Apr. 20th, 2008

vicarz: (Dr. Queso)

Click click. No, not a bent massive, in the malls today I had another 2 people love my offensive phrase / obscure band t-shirt. You have NO IDEA how happy that makes me. When some nerd recognizes my adult-swim t-shirts I am liable to explode.

I shouldn't have gone to the mall alone - tried on more shoes than a gay guy when docs first came out in colors, and came home with socks. No shoes. And chocolate - 2 bags, about 10 lbs. They had the european mix on sale along with good truffles in dark, super dark, and dark mint. As they say on 4chan, I came.

I am the best landlord ever. Only, a bit creepy. One of my tenants called and the frig had died - I offered to and they accepted ditching some frozen food in my freezer, and I gave them a bag of ice. I've already measured the old one, priced a new one with instillation,, sent links and numbers from Sears, offerred many ways to get this taken care of.
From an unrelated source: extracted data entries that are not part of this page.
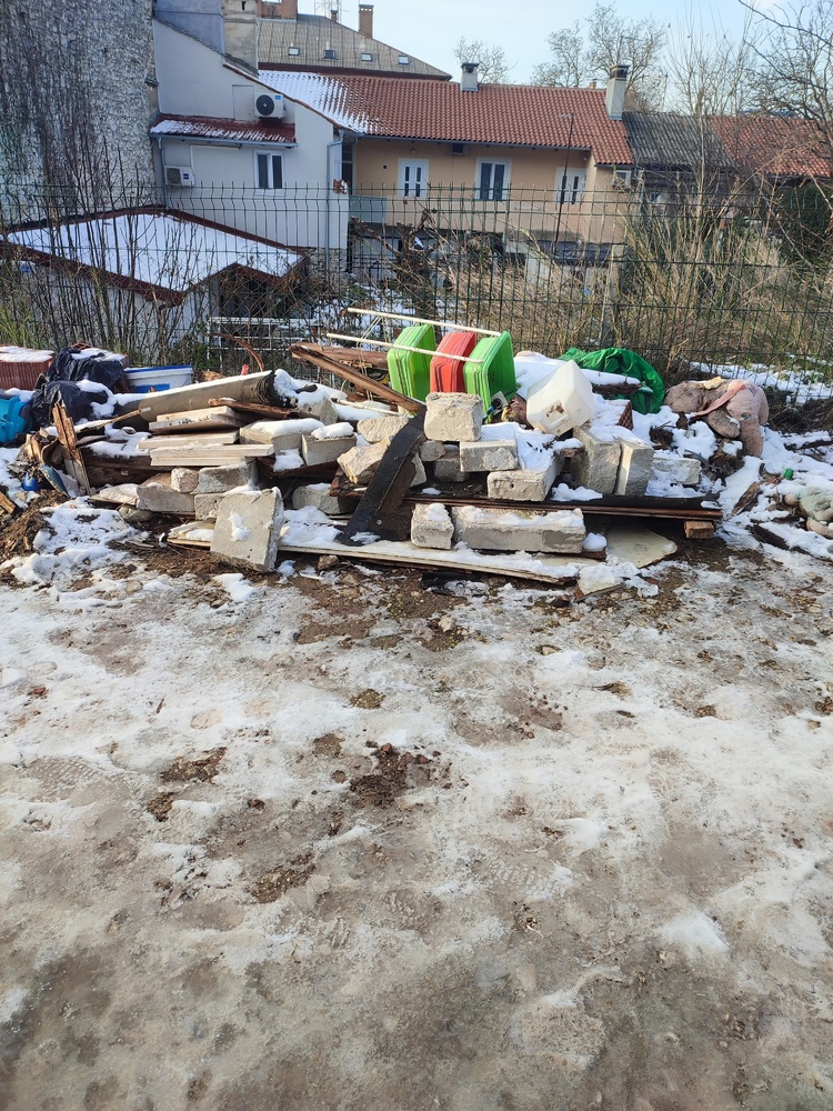 Poštovani, na parkingu kod Gundulićeve 2 sve je ovo bačeno. Dok je bio kontejner, otpad se nije bacao na pod. No, posljednjeg dana vrata kontejnera bila su zatvorena, i sav je ovaj otpad istresen na tlo. Prije otprilike 20 dana bio je tu čovjek u automobilu koji je nešto zapisivao u vezi s tim otpadom, vjerojatno komunalni redar, ali još uvijek nije uklonjen. I dalje se na ovu gomilu dovozi i baca svakakvo smeće. Molim vas da ovo uklonite i postavite znak zabrane bacanja otpada ili pronađete drugo rješenje, jer će osobe bez obzira i kulture napraviti divlju deponiju. Zahvaljujem.
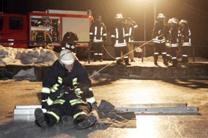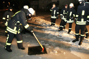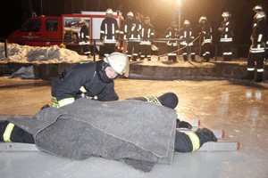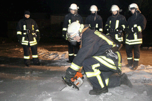 Die Eisrettung und die Vorbereitung der Löschwasserentnahme an zugefrorenen Gewässern trainierten Klingas Feuerwehrleute am Dorfteich.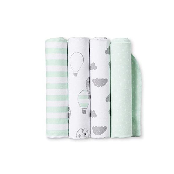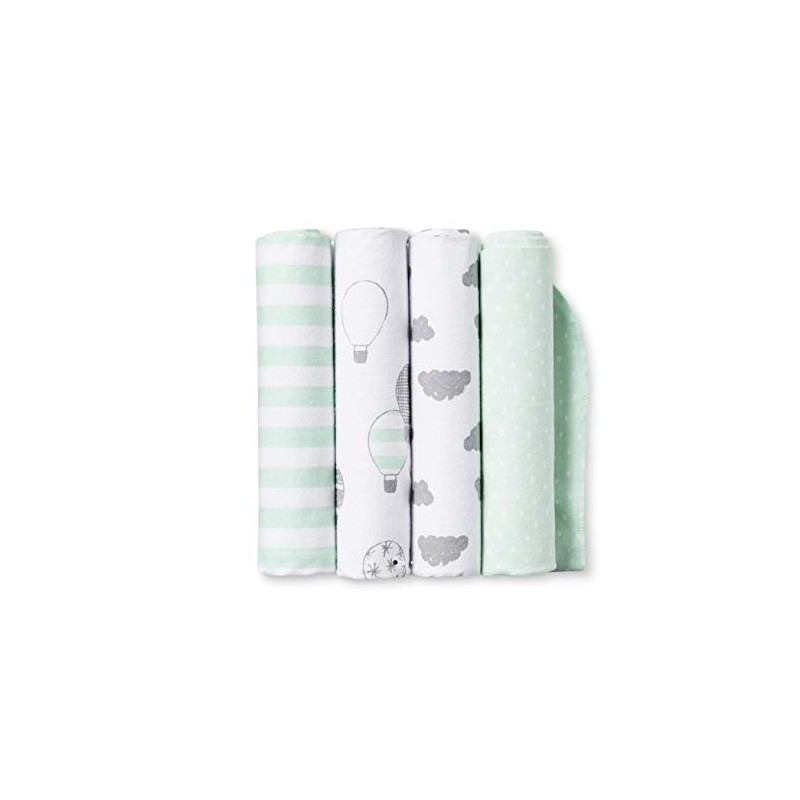 Cloud Island Flannel Receiving Blankets Mint/Grey 4 Count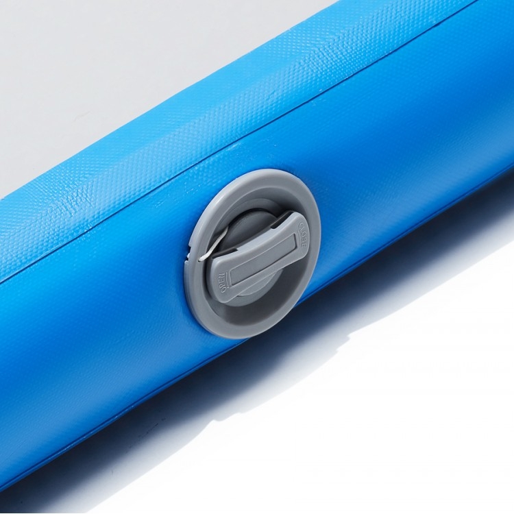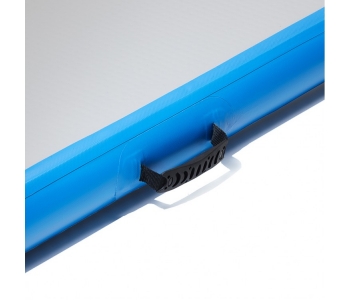 Накачується мат за допомогою електричного компресора, який входить в комплект поставки. Завдяки спеціально посиленому матеріалу ПВХ з якого виготовлений Air Track Mat, він надзвичайно стійкий до перевантажень. Для зручної і легкої транспортування по краях розташовані ручки. Повітряний клапан оснащений силіконовою вставкою, що робить спортивний мат водонепроникним, а отже його можна застосовувати на воді.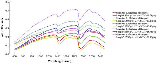 Five selected soil samples and their simulated reflectance values with the same soil moisture were presented in the Figure 6. The Rmodn represented the simulated reflectance of the nth sample and Rn represented the measured reflectance of the nth. The difference between the measured and simulated reflectance was significant. Compared with the simulated reflectance, the measured reflectance was notably smaller than the simulated results in the full bands. In addition, the simulated absorption peaks at 1400 nm and 1900 nm were notably shallower than the measured ones. Apart from the simulated error, the difference mainly came from the difference in soil properties. The biggest difference between the two soil properties was whether they contained organic matter, and the main question was whether this affected their place on the soil reflection spectrum. The answer to this was yes. The soil organic matter made the soil reflectance dark. This result is consistent with the previous study. Moslem Ladoni mentioned that the higher the content of organic matter that exists in the soil, the darker the soil appears. In addition, the soil organic matter decreases overall reflectance and thereby improves the difficulty of measuring other soil properties [64].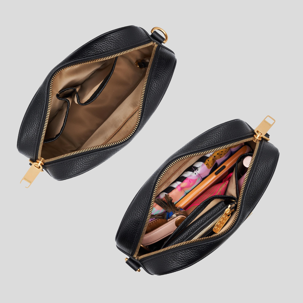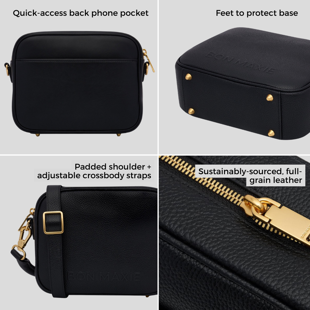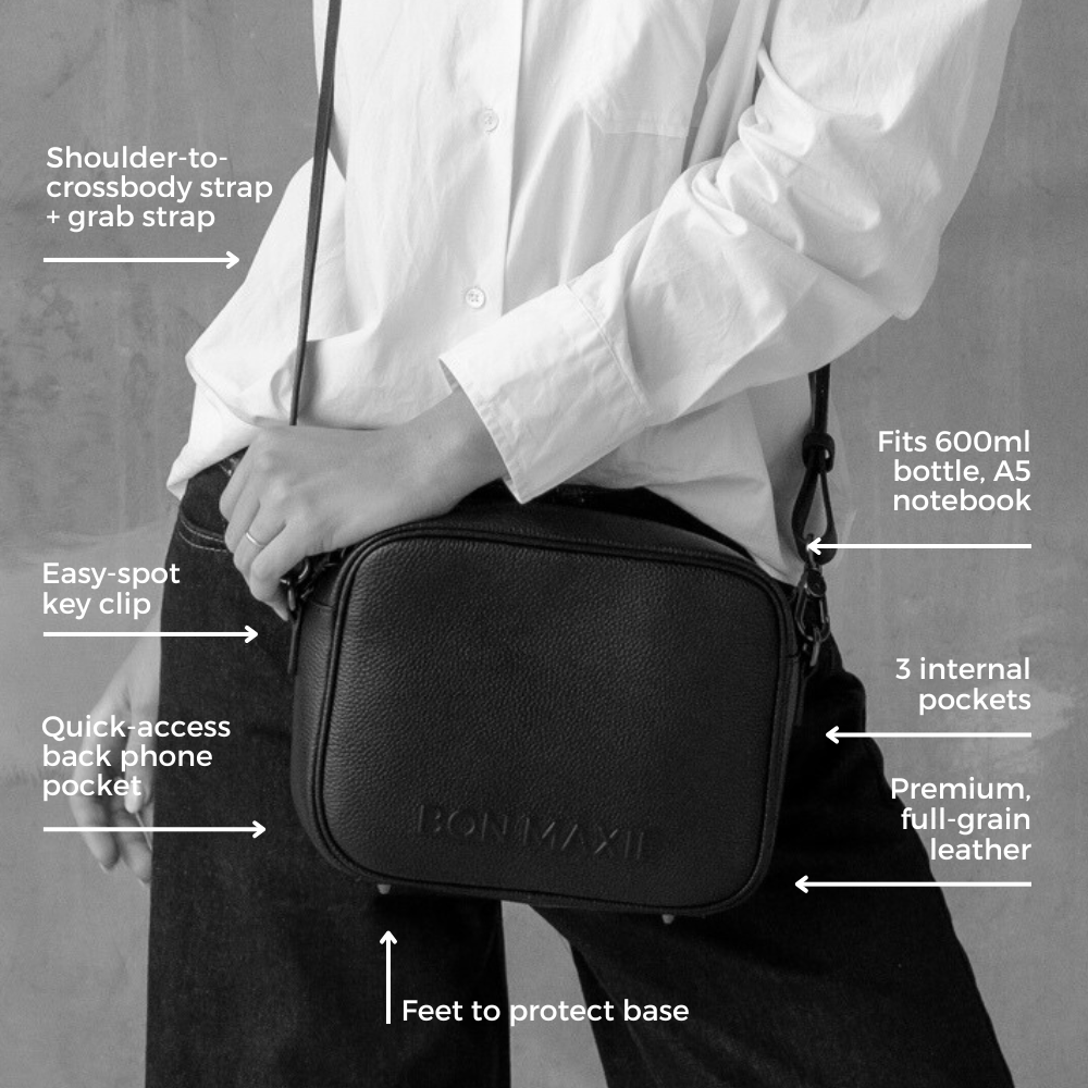 The bag that started our make-bags-functional-again journey. Fits everything you need up to A5 size, 600ml water bottle....and nothing you don't. Sustainably-sourced, premium full-grain (top notch!) leather in black, 2 straps for multiple looks, size-inclusive, wider crossbody strap + padded shoulder strap. Coffee-coloured, water-resistant lining so you can see inside and have a moment to catch any spills. Internal pockets + easy-spot key clip, easy-access back phone pocket that actually fits large phones. Little feet to protect it.

The other girl was there with her boyfriend. Boyfriend? "I thought you guys were both gay. Huh." I probably wasn't supposed to say that.
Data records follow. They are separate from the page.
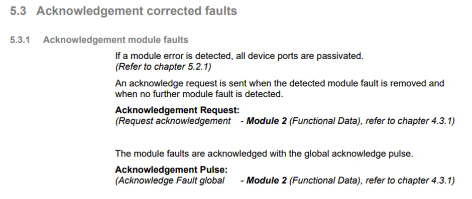 During power-up or communication interruption, module errors can be detected by the SFB. To cancel the passivation, it may be necessary to send an initial acknowledgement pulse: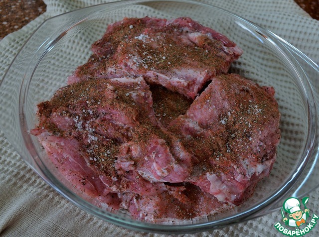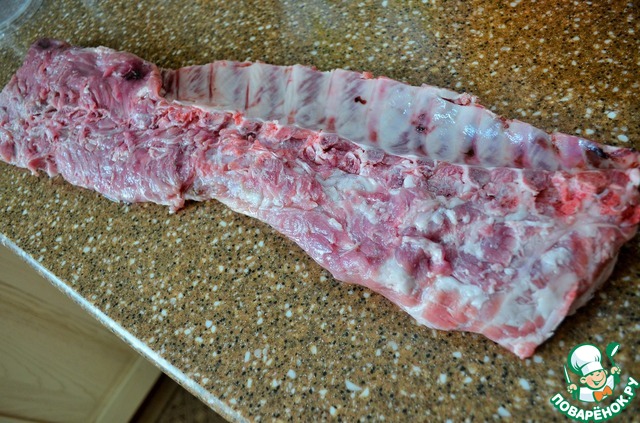 Мясо вымыть, обсушить и нарезать на куски по 2-3 ребра.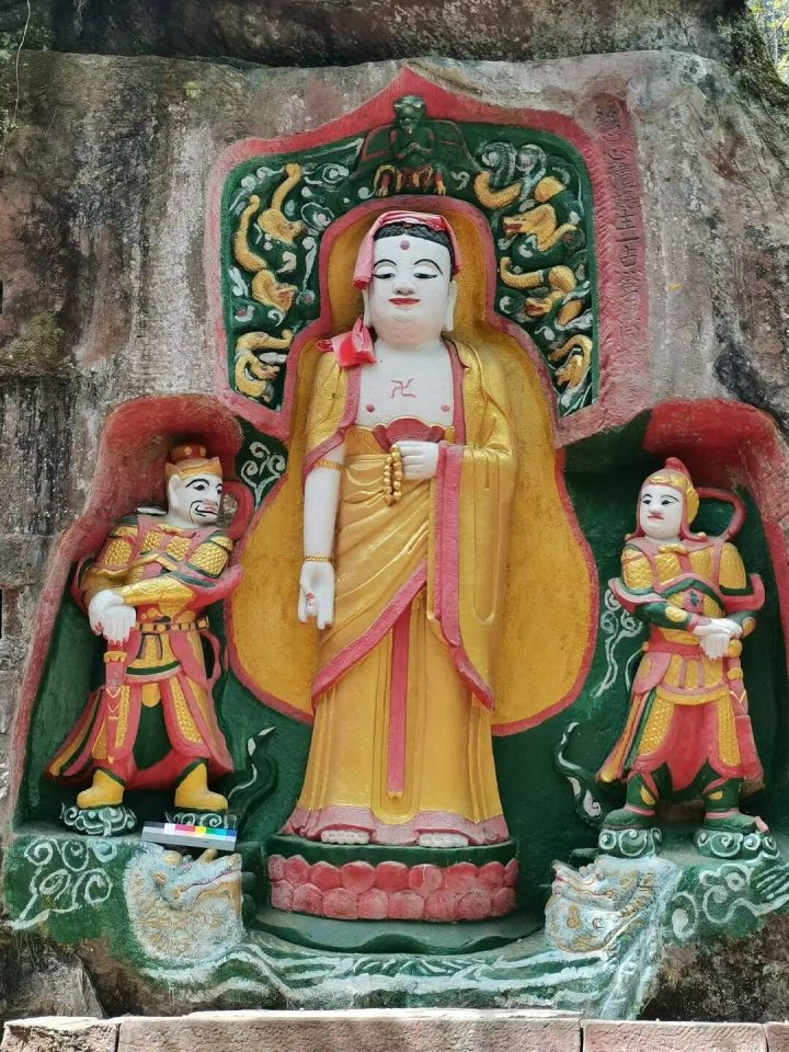 据统计,四川现存石窟寺及摩崖造像2134处,但四川省文物局调查显示,这些珍贵的石刻文物有部分存在人为破坏、尤其是妆彩重塑的现象。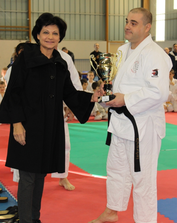 Une fois n'est pas coutume, car c'est en début de rencontre que Mme Lucienne CARLOTTI-GENTILI a remis la coupe à M. Tony GRAVINI le président du club de BORGO qui a remporté le challenge au "plus grand nombre de participants" avec 31 enfants présents (pour éviter la "championite"). Sachez que nous n'étions pas concernés par cette récompense malgré nos 51 combattants.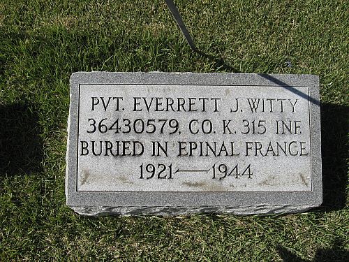 Pfc Everett J. Witty was a mechanic and repairman before he enlisted in Peoria, Illinois on 10 October 1942.He was killed by small arms fire in his stomach.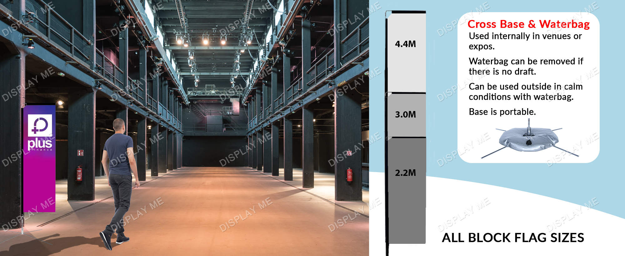 Double Sided 2.2 Meter Block Fabric Flag with Cross Base and Water bag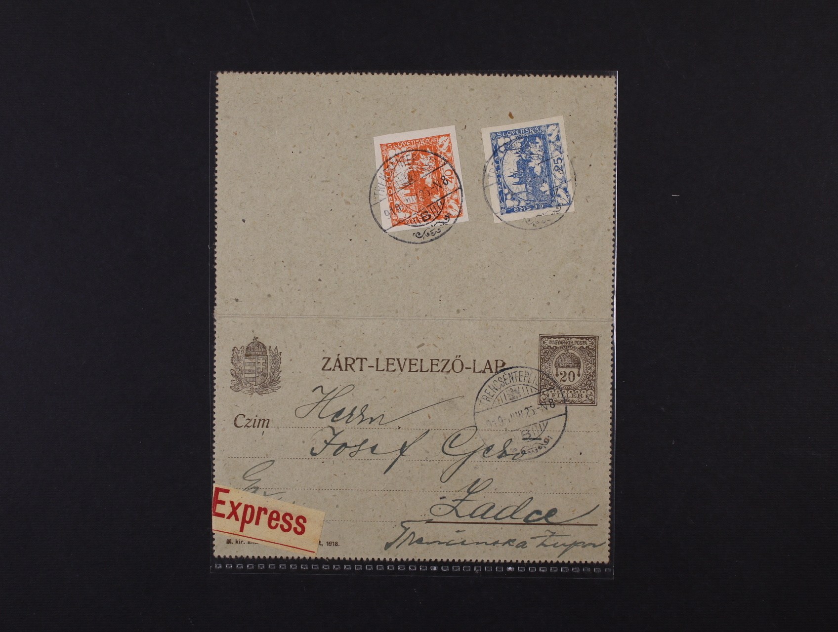 Předběžné, souběžné - maď. zálepka 20fil EXPRES do Ladce, dofrank. zn. č. 10 + 14, pod. raz. TRENCSÉN TEPLICZ 26.JAN.19, zajímavé, vzácné

I got a great story on the trip through Nebraska:
A man's family heirloom bible is one that was picked up (violating orders) in europe during WW2. In the front cover of the bible are two marks: An X and a bent line looking vaguely like a #7 drawn by a child's hand. The family came to realize this was the bible someone carried to war with them, but the mark was the mark of the owner so he would know which bible was his and be able to identify it (so the owner was illiterate).
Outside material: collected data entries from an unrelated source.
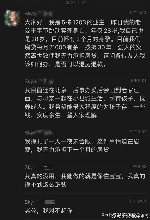 大家好,我是x棟12xx的業主,我的老公叫吳x,視頻架構部門的圖像算法工程師。昨日我的老公於字節跳動猝死身亡,年僅28歲,我自己也是28歲,目前懷有2個月的身孕。目前我們房貸每月21000有餘,按揭30年,愛人的突然離世致使我無力承擔房貸,請問各位友人我該如何辦,是否可以退房退款。
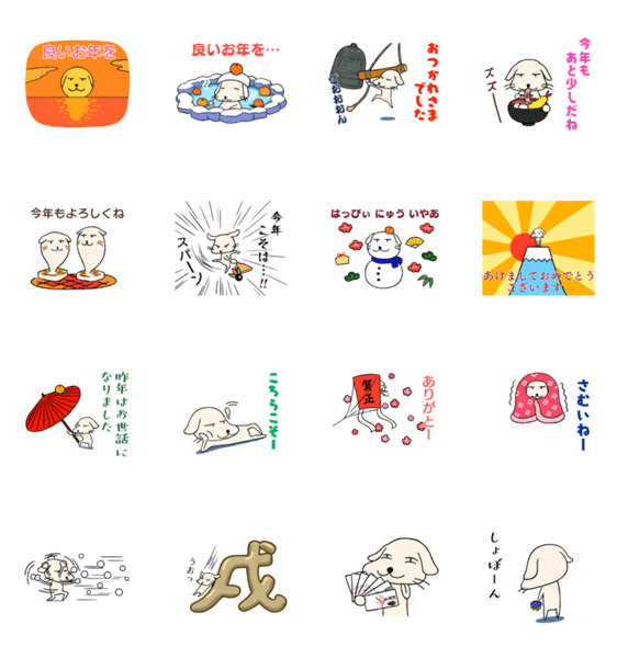 2018年は戌年。新年の挨拶、年賀状の代わりに楽しい犬の動くスタンプです。かわいい犬と凧揚げ、雪、お餅とお年玉も登場。 年末年始、お正月、冬の行事はこれでばっちり!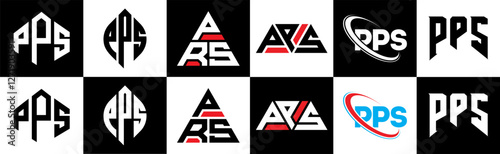 PPS letter logo design in six style. PPS polygon, circle, triangle, hexagon, flat and simple style with black and white color variation letter logo set in one artboard. PPS minimalist and classic logo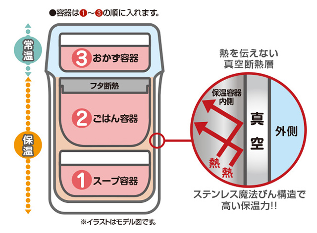 ごはんとスープはあたたかく保温、いたみやすいおかずは常温でキープ。

I also had an experience that will take time to explain. I have gone through a lot of pain lately, expressed anger, insinuated I might hurt others, insinuated I might hurt myself, and been a big bag of unhappy. I've been to schools, I've been to churches, but I wanted to work it out myself. "Just leave me alone, and I'll work things out." I thought about how every time I've tried to make myself feel better I've only hurt myself more. I've drunk spirits, and then paid the price around my gut and in horrible hangovers. I even think I've got some liver spots. No matter how drunk I got, the empty feeling never really went away. I listened to music, evil music, and it has done no better. All I find in music is an angry voice to join my own, only the voice of someone I've never met saying words I didn't say until I had them handed to me via an electronic device. And I've fornicated, how I have fornicated. That was perhaps the worst, with the worst hangover. I've risked my mental and physical health, and the health of others, as I tried to fill the gaping hole in my spirit through the pursuit of flesh. I've been trying many things to leave my issues from behind, from saying "leave me alone" to not answering the phone. Someone told me to have a blessed day. On the radio I'm playing classic and soft rock, trying to find people with happy things to say rather than angry rants, sorrowful cries, and inarticulate mournful wails. On the way up 395 the rain was torrential, and the radio played the beatles - let it be. I heard the lyrics "Mother Mary says to me..." And then it hit me.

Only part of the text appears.